Financial crisis is the only catalyst that can be used to change a system. Undoubtedly, our system needs to be changed. Therefore, logic tells us we are due for a crisis. It is really that simple.
Timing on the other hand is where things get very complex.
Crisis accounted for, before we reach that point, it seems to me that those in power and those who’ve benefited most from the current system’s structure will look to harvest as much profit as they can from this dying system which they have harvested so much from already.
Extrapolate the non-linear behavior of the chart below through to today and the trend clear. So clear, in fact, it only brings one word to mind: unsustainable.
Ask yourself the following:
If you were profiting from a specific system, and found out this system was in danger of ending in the near future, would you not try and harvest as much profit before it ultimately collapsed? Of course you would, it’s only natural.
This is why I suspect the melt up in crypto assets, specifically, will be one of the most rapid, maniacal bubbles to ever take place.
Put simply, markets are growing aware of how much phony money currently exists in our system thanks to the unprecedented central bank-led stimulation efforts.
These efforts to artificially bolster the global economy were done primarily to achieve one goal: maintain asset values to keep society complacent. When asset values are going up, the masses believe they are solvent and/or rich on paper, and, as a result, let the government and corporate sector continue doing whatever they please.
Behind the curtain, all the governments and central banks have done is pump the system with debt beginning withe the public bond market. Naturally, this debt cascades down into the credit systems supporting debt loads in corporate bonds, in equities, private equity, real estate, you name it.
There is simply too large a supply of injected credit into our system from the central banks under the guise of stimulation, that before the system corrects all that money will be trying to outbid itself in whatever market aligns best with the classic narrative of “this time it is different”.
Seeing that the FAANGS have soared, it seems apparent that the high-tech market for investment is saturated, and therefore, unattractive. In other words, the high-tech narrative has already been played or is nearing its final innings.
Recent social/political backlash against these tech titans lends credence to the argument that the bull market for FAANGS is nearing its end, if it is not already over.
The crypto asset narrative hit the mainstream scene in one of the most ridiculous times in financial history, and nearly nobody had an allocation to it; this dynamic has changed in recent months, but still has a lot of room to run. Increasing relative amounts of this phony money is set to flow into crypto assets at increasing velocities.
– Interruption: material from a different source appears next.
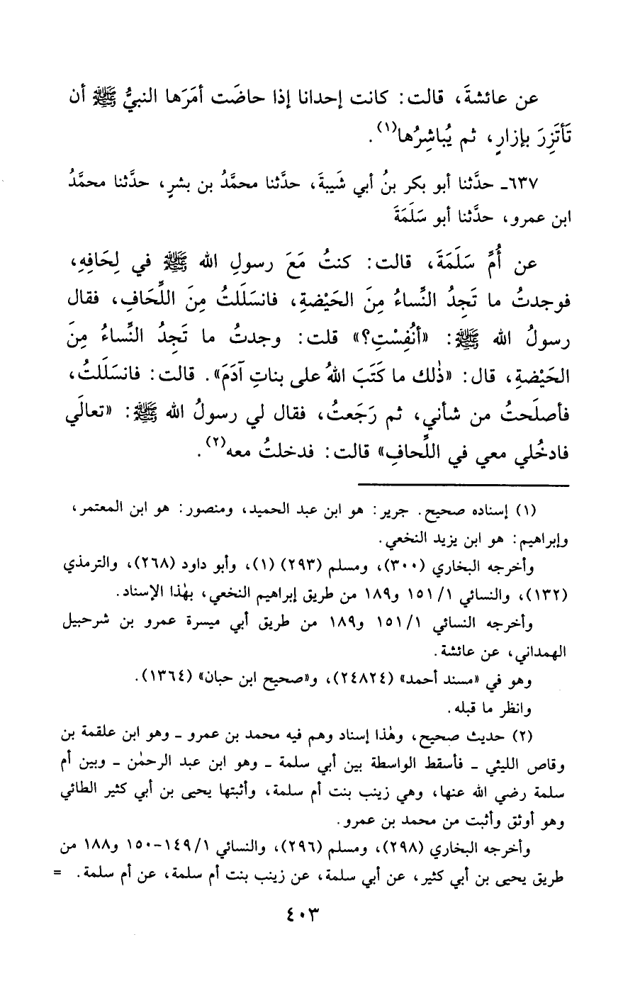 637- حَدَّثَنَا أَبُو بَكْرِ بْنُ أَبِي شَيْبَةَ ، حَدَّثَنَا مُحَمَّدُ بْنُ بِشْرٍ ، حَدَّثَنَا مُحَمَّدُ بْنُ عَمْرٍو ، حَدَّثَنَا أَبُو سَلَمَةَ ، عَنْ أُمِّ سَلَمَةَ ، قَالَتْ : كُنْتُ مَعَ رَسُولِ اللهِ صَلَّى الله عَليْهِ وسَلَّمَ فِي لِحَافِهِ ، فَوَجَدْتُ مَا تَجِدُ النِّسَاءُ مِنَ الْحَيْضَةِ ، فَانْسَلَلْتُ مِنَ اللِّحَافِ ، فَقَالَ رَسُولُ اللهِ صَلَّى الله عَليْهِ وسَلَّمَ : أَنُفِسْتِ ؟ قُلْتُ : وَجَدْتُ مَا تَجِدُ النِّسَاءُ مِنَ الْحَيْضَةِ ، قَالَ : ذَلِكِ مَا كَتَبَ اللَّهُ عَلَى بَنَاتِ آدَمَ , قَالَتْ : فَانْسَلَلْتُ ، فَأَصْلَحْتُ مِنْ شَأْنِي ، ثُمَّ رَجَعْتُ ، فَقَالَ لِي رَسُولُ اللهِ صَلَّى الله عَليْهِ وسَلَّمَ : تَعَالَيْ ، فَادْخُلِي مَعِي فِي اللِّحَافِ , قَالَتْ : فَدَخَلْتُ مَعَهُ.

There is a lot of money left to be made in pursuit of this trend. Yet, it seems apparent to me that eventually the amount of marginal buyers will dwindle and this market will turn into a selling frenzy. While I encourage everyone to refrain from trying to get too cute with trading this mega trend, I will say that it is time you understand the game you are playing and how best to maximize your score.
In short, if you do not yet have a crypto asset allocation, you should begin thinking about building one.
Before we reach the ultimate turning crisis point in our globalized, economic system I see a blow off top valuation bubble taking place so that those reaping the largest reward from the current economic and financial system’s structure can make a last ditch effort to reap as much real-wealth as they can from a system that will be forced into change.
It’s worth mentioning that the system will be forced to change because the masses will demand it, and it is very likely the masses will suffer the most from the crisis that serves as the catalyst for this change. Affording oneself the ability to avoid being grouped into this suffering masses while also understanding how and why certain things come to light is the name of the game.
Considering the valuations of other rich;y-valued asset classes, I see crypto assets extremely well-positioned to benefit from a “globalist elite” plan to make one last cash grab to get them through the coming tough times.
Soon thereafter, I anticipate profits to be pulled from crypto asset markets and re-allocated towards treasury bills, commodities, precious metals, energy, agriculture, and other physical goods that always maintain their relative value throughout good times and bad.
“The only thing we learn from history is that we learn nothing from history.” — Friedrich Hegel
DISCLAIMER : This content is for informational, educational and research purposes only. This post is not to be taken as personalized investment advice.